Edwin afirmó satisfecho y observó cómo el Senador Halmann se cubría con una bata y acudía a abrir la puerta del recibidor. Por el otro monitor se alcanzaba a ver el pasillo. Un botones de facciones finas y no demasiado alto aguardaba con el carrito de la cena.

—¿Qué cojones es eso? —inquirió Edwin mientras señalaba la pantalla con un dedo—. Error de transferencia. Suministren a Cerebro Mentor adrenalina.

Los controladores manipularon el teclado y el sujeto sufrió una fuerte convulsión en el interior del tanque. Cuando Edwin volvió a posar la mirada en el monitor, el muchacho había desaparecido y en su lugar había una mujer alta y de largos cabellos morenos. Halmann abrió la puerta y la recibió con una sonrisa.

—Ha faltado poco —susurró Edwin mientras se secaba el sudor de la frente.

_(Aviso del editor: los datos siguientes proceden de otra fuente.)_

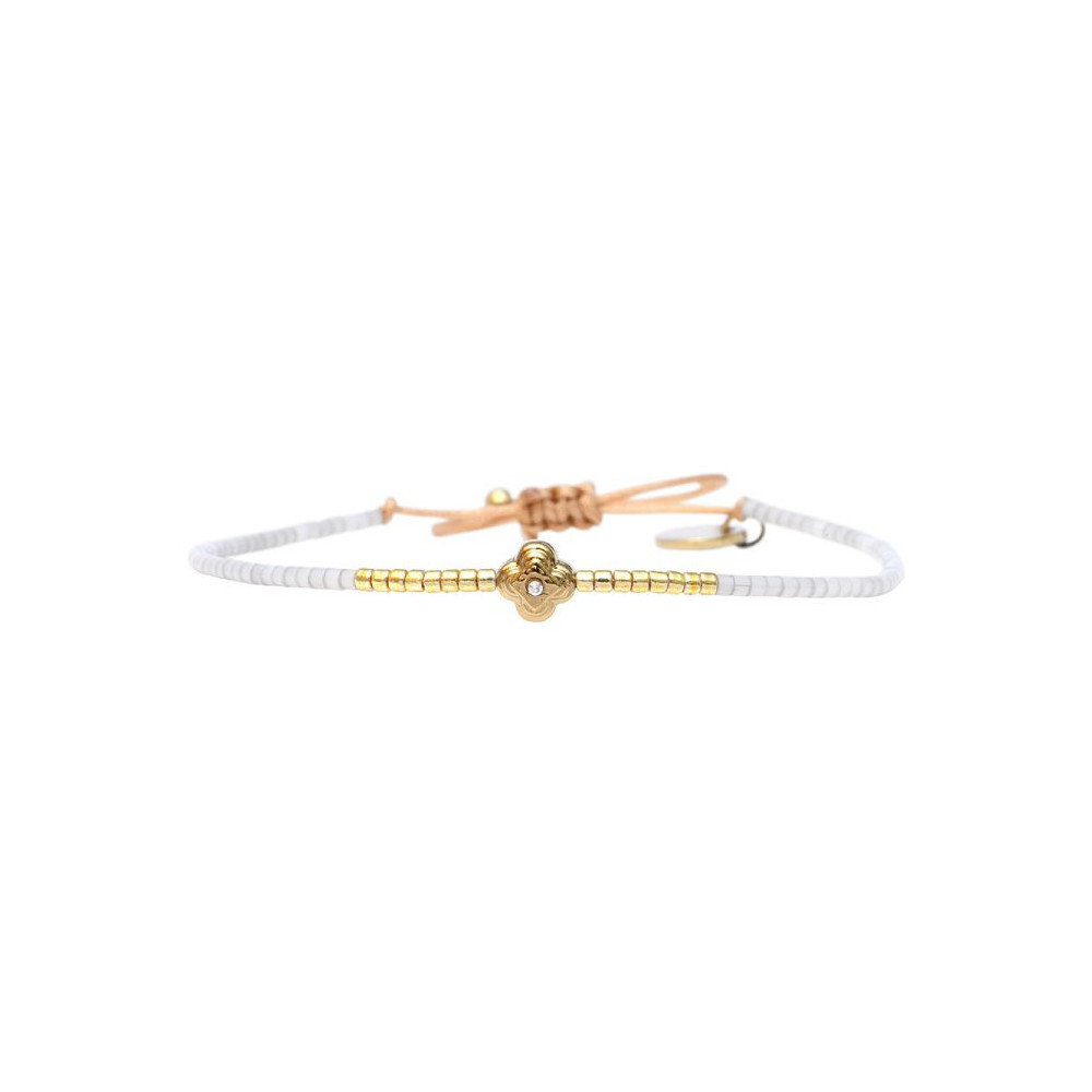 Bracelet Marie composé de perles de miyuki dorées - blanc soie de pêche. Bracelet entièrement confectionné à la main de manière artisanale. Fermoir lien coulissant, ajustable à tous les poignet (14 à 24 cm). Chaque bijou de la marque est livré dans un pochon spécifique.

En menos de diez meses Darla perdió el cabello, adelgazó casi diez kilos, comenzó a sufrir fuertes hemorragias nasales y no había jornada que concluyese sin que arrojara por el sumidero todo cuanto había ingerido durante el día. Al principio se decía que todo aquello lo hacía por los niños, pues en todos sus años de vida jamás los había visto tan cuidados. La gente de Psicofon SSG los trataba como pequeños principitos. Edward se hizo algo más alto, sus mejillas se volvieron sonrosadas y su porte más esbelto; Nerea recuperó los quilos que había perdido durante los últimos años pasados en los suburbios y la sonrisa retornó a sus delicados labios. Pero conforme las jaquecas se fueron recrudeciendo y comenzó a sangrar por la vagina, la esperanza que hasta ese momento le había proporcionado fuerzas para seguir adelante, fue desvaneciéndose paulatinamente. Pronto existieron tan solo las pruebas, cada vez más dolorosas, cada vez más seguidas, hasta perder completamente su autoestima y cualquier resquicio de dignidad.

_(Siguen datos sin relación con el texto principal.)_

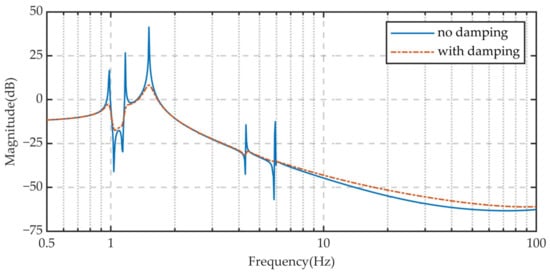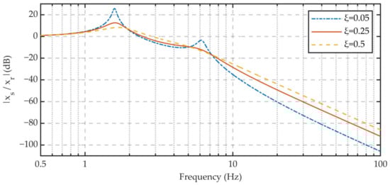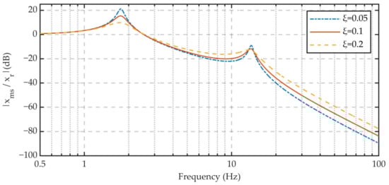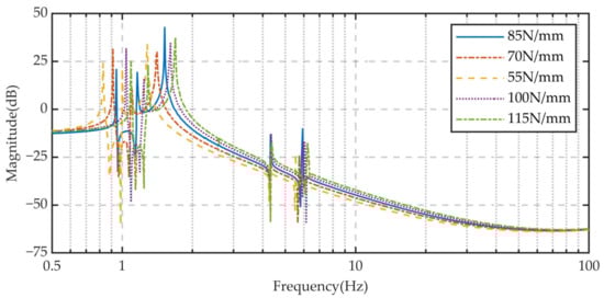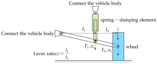 From Equation (12), it can be observed that the suspension stiffness is times the converted overall stiffness of the wheel. When the leverage ratio, , is less than 1, the converted overall stiffness is less than the suspension stiffness.

Darla se pasaba las noches llorando, encerrada en su celda de mantenimiento y sintiendo que las fuerzas escapaban de su interior con cada jadeo, con cada convulsión de su cuerpo, con cada derrame no deseado. Pero los niños seguían siendo felices. Eso era lo más importante.

Ralph Halmann retozaba como un perro flemático entre los muslos de la mujer, balanceando su culo arriba y abajo mientras la muchacha se contorsionaba bajo su cuerpo. El doctor Edwin escuchó alguna risita malintencionada, pero una mirada dura bastó para acallar cualquier conato de insubordinación.

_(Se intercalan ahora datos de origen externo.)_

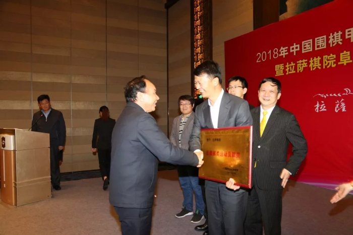 為表彰拉薩棋院阜康職業(yè)圍棋隊對西藏體育圍棋事業(yè)做出的巨大貢獻(xiàn),西藏自治區(qū)黨委副書記、主席齊扎拉代表黨委政府向拉薩棋院阜康職業(yè)圍棋隊領(lǐng)隊王斌頒發(fā)了“西藏自治區(qū)體育棋類貢獻(xiàn)獎”!肯定了阜康四年來支持拉薩棋院積極參與全國各項賽事并為圍棋在西藏的普及發(fā)展所做出的諸多工作。勉勵王斌繼續(xù)支持西藏的圍棋發(fā)展,一步一個腳印地做好醫(yī)療衛(wèi)生和體育文化工作。

—Los del servicio secreto están obteniendo muy buen material —murmuró Leila sin apartar la mirada de los monitores. Aunque no tenían audio, los berridos del Senador debían ser atronadores. Los carnosos labios de la enfermera esbozaron una sonrisa lasciva—. Mañana todos los diarios van a tener una primera plana muy suculenta del culo del señor Halmann.

—Señorita Dent, le rogaría que mantuviese los ojos pegados en las constantes vitales del Cerebro Mentor —ordenó Edwin sin cambiar el tono monocorde.

La mujer afirmó con un gesto y agachó la cabeza, pero su mirada continuaba desviándose de vez en cuando hacia los monitores de la sala.

—¿Índice del Campo Inductivo?

—Siete, ocho, nueve y subiendo, señor —anunció el controlador—. Los parámetros escapan del equilibrio aconsejable. En cuanto el índice rebase la escala nueve, nueve, nueve, el radio de acción del Campo Inductivo creado por 11/02 afectará a nuevos Perceptores Selectivos.

—Eso no sucederá. Aunque sea un sujeto excepcional, los del laboratorio han trabajado en él durante más de seis años. Además, parece que el señor Halmann no pone demasiadas objeciones al respecto.

—Quizás mañana la señora Halmann no piense lo mismo —añadió uno de sus ayudantes más jóvenes.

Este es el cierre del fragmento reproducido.